RCL Year C Epiphany 5
Isaiah 6:1-8; Psalm 138; 1 Corinthians 15:1-11; Saint Luke 5:1-11
Like a fish waiting to be caught, just beneath the surface of this Gospel lies a very important truth, a truth I hope you accept, and I hope you will allow to change your life.
Let me approach that truth very gingerly. If you bake and sell Welsh cookies, isn’t it better to sell two hundred dozen rather than one hundred dozen? If you fish for a living, isn’t it better to catch and to sell two boat-loads rather than one boat-load? And here’s the one where our lives may be wanting and may need amending. If you are an Episcopal Church, isn’t it better for your parish to grow in people and giving than to go in the other direction?
That simple truth, that it is better to grow than not to grow, that it is better to catch more rather than fewer, lies behind the Gospel today. The power of the story lies with that simple truth, that simple assumption, which Jesus uses to give a new vocation to Simon Peter, James, and John. Their growing up involves catching people rather than fish, but the same truth applies: it is better to catch more rather than fewer.
It really is that simple. The task for us modern-day Christians is what it was two thousand years ago: to listen to the Lord, to follow him, and to begin catching people.

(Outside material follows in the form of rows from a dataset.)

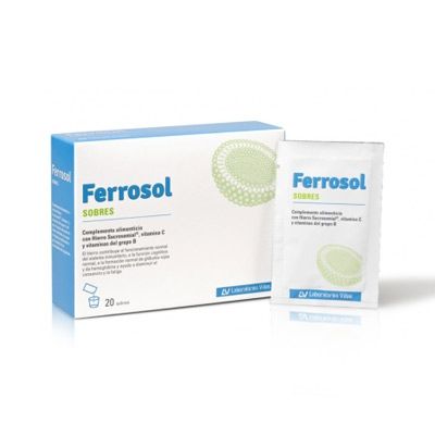 Ferrosol sobres - Aporte de hierro. Ferrosol sobres es un complemento alimenticio a base de Hierro Sucrosomial, vitamina C y vitaminas del grupo B, útil para el aporte adecuado de dichos nutrientes en casos de ingestas insuficientes o por aumento de las necesidades del organismo.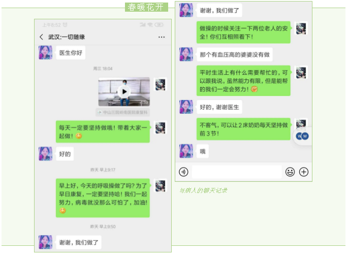 一次完美的配合。前線的戰(zhàn)績(jī)離不開后方的出謀劃策,一套針對(duì)新冠肺炎的呼吸體操及時(shí)從后方傳來(lái),隊(duì)長(zhǎng)派我作為第一梯隊(duì)學(xué)習(xí)并執(zhí)行,我用了一個(gè)晚上反復(fù)的練習(xí),第二天進(jìn)艙便迫不及待的向患者介紹,并帶著試點(diǎn)病房的患者進(jìn)行練習(xí),患者非常配合并高效反饋,為進(jìn)一步推廣奠定了基礎(chǔ),領(lǐng)操時(shí)因?yàn)榇┲窈竦姆雷o(hù)服,雖然衣襟早已汗?jié),臉上濕疹癢痛無(wú)比,解說(shuō)時(shí)喘不上氣,但是我心里卻美滋滋的!美的是自己的執(zhí)行力和患者支持力完美結(jié)合!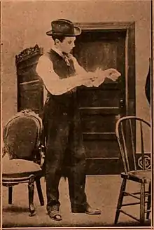 The writer of the scenario is unknown, but it was most likely Lloyd Lonergan. He was an experienced newspaperman employed by The New York Evening World while writing scripts for the Thanhouser productions.[2] The New York Dramatic Mirror points out the plot of the film resembles a popular stage production The Prince Chap from several years ago.[1] The plot of the play bear striking familiarities to the Thanhouser production. The play focuses on William Peyton, a sculptor, who takes in a young girl, Claudia, at the request of her dying mother. Claudia grows into a young woman, rejects her suitor, and concludes with Claudia and Peyton deciding to marry.[3] Another mention of this film in The Morning Telegraph stated, "This story has been told many times in pictures, excepting in this film the character is a playwright."[1] The film director and the cameraman are unknown, but the "Thanhouser Kid" Marie Eline is the only known credit in the cast.[1] Eline plays the role of the young orphan Grace. Other members cast may have included the other leading players of the Thanhouser productions, Anna Rosemond, Frank H. Crane and Violet Heming.[4][5][6] A surviving film still shows the playwright in the process of trimming his cuffs with scissors before an interview, leaving hope that another credit may be attributed to the lost film.[1]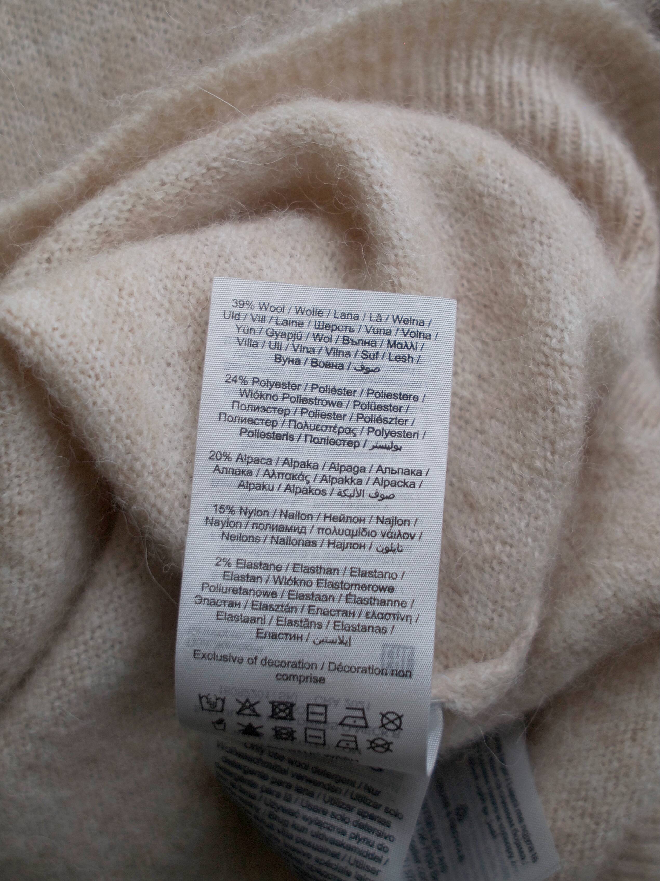 Skład: 39% wełna, 20% alpaka, 24% poliester, 15% nylon, 2% elastan
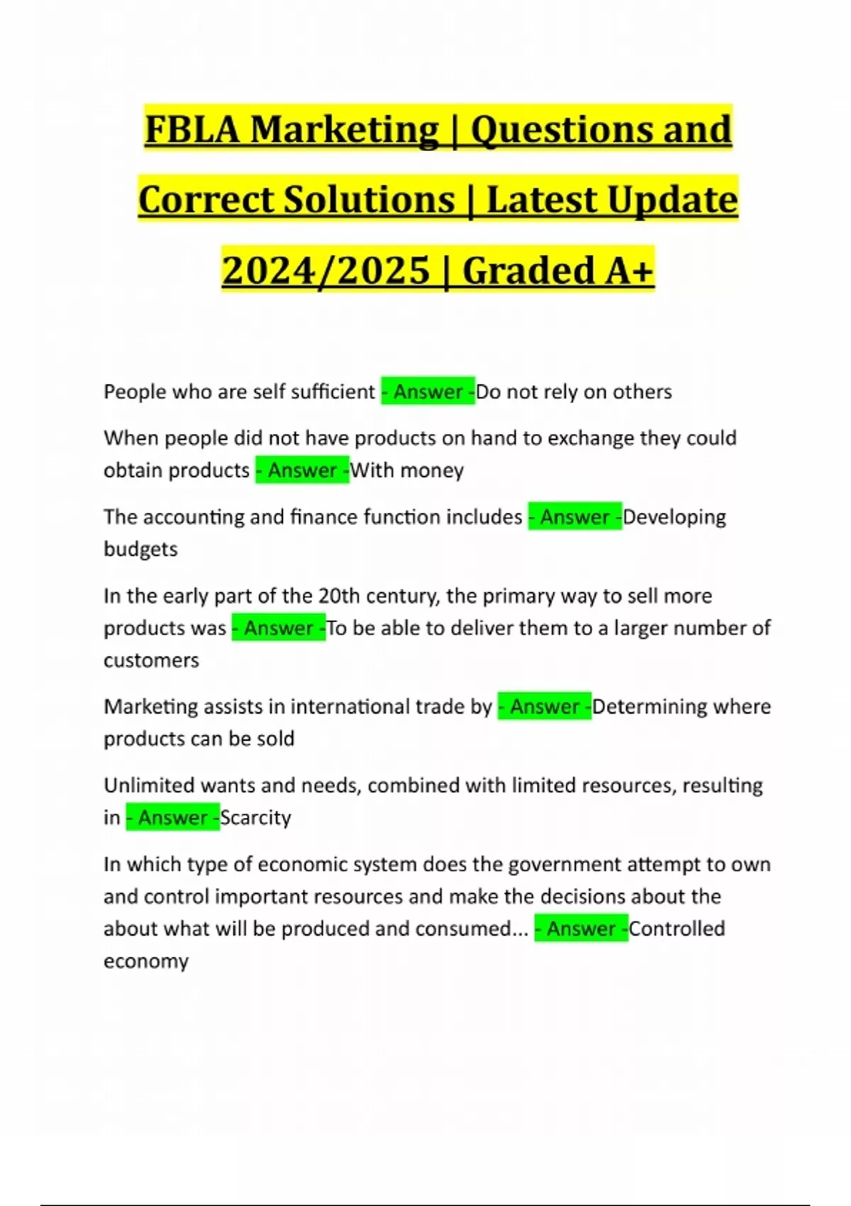 FBLA Marketing | Questions and Correct Solutions | Latest Update 2024/2025 | Graded A+ People who are self sufficient - Answer -Do not rely on others When people did not have products on hand to exchange they could obtain products - Answer -With money The accounting and finance function includes - Answer -Developing budgets In the early part of the 20th century, the primary way to sell more products was - Answer -To be able to deliver them to a larger number of customers Marketing assists in international trade by - Answer -Determining where products can be sold Unlimited wants and needs, combined with limited resources, resulting in - Answer -Scarcity In which type of economic system does the government attempt to own and control important resourc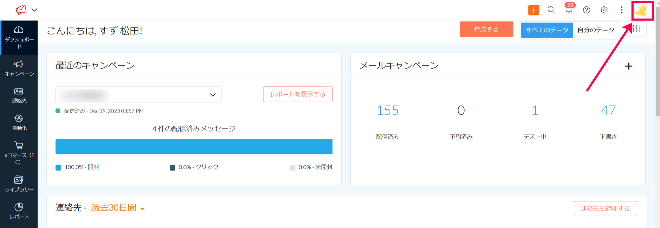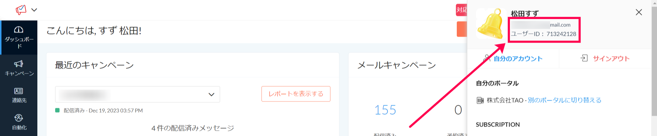 ユーザーのメールアドレスとZohoのユーザーIDは、Zoho Campaigns画面右上のユーザーアイコンをクリックすることでご確認いただけます。
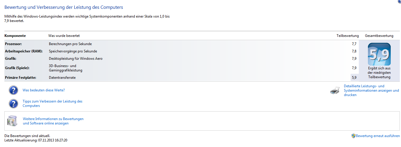 Was mich insbesondere stört sind weniger die Werte beim Benchmark, (wobei ich mich da auch nicht genug auskenne, um sagen zu können ob sie so passen, meine Intuition nach aber schon) sondern den Wert welchen Windows mir anzeigt, der bei solche Schreib/Lesegeschwindigkeiten ja eigentlich bei 7,9 (?) liegen müsste.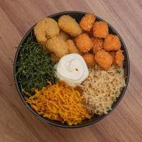 70g de Salmão Grelhado, 70g de Camarão Empanado, 250g de Arroz Oriental, Cream Cheese, Couve Crispy, e Cenoura Crispy.

And this will always mean trying things we have tried before. And trying things we have never done before. Peter knew how to fish. He really knew how to fish. Soon, however, he is off healing people, teaching people, catching people for Jesus, and writing scripture!
Like Peter, not one of us thinks he or she is an evangelist. Let alone that any one of us might heal people or write scripture.
But one day, a letter you write to someone may bring that someone closer to God in Christ. That is scripture.
One day you will reach out to care for someone, and that person will be healed.
One day you will say something that will cause someone else to say, “You know, I never thought of things that way before,” and you will have become a teacher.
Jesus does not call us because we are worthy, or because we are qualified for the jobs he calls us to do. We are worthy and can do everything he did and more for this simple reason: he calls us.
Everything and more that good-hearted people want for Good Shepherd will be given to us. Our boats will be filled with fish, our pews with people, our Sunday School with children if only we will take the time to listen to the Lord, to follow him, and to begin catching people.
From now on we will be catching people for Jesus so they too can know what it feels like to be made worthy to stand before God. If Peter could do it, so can we.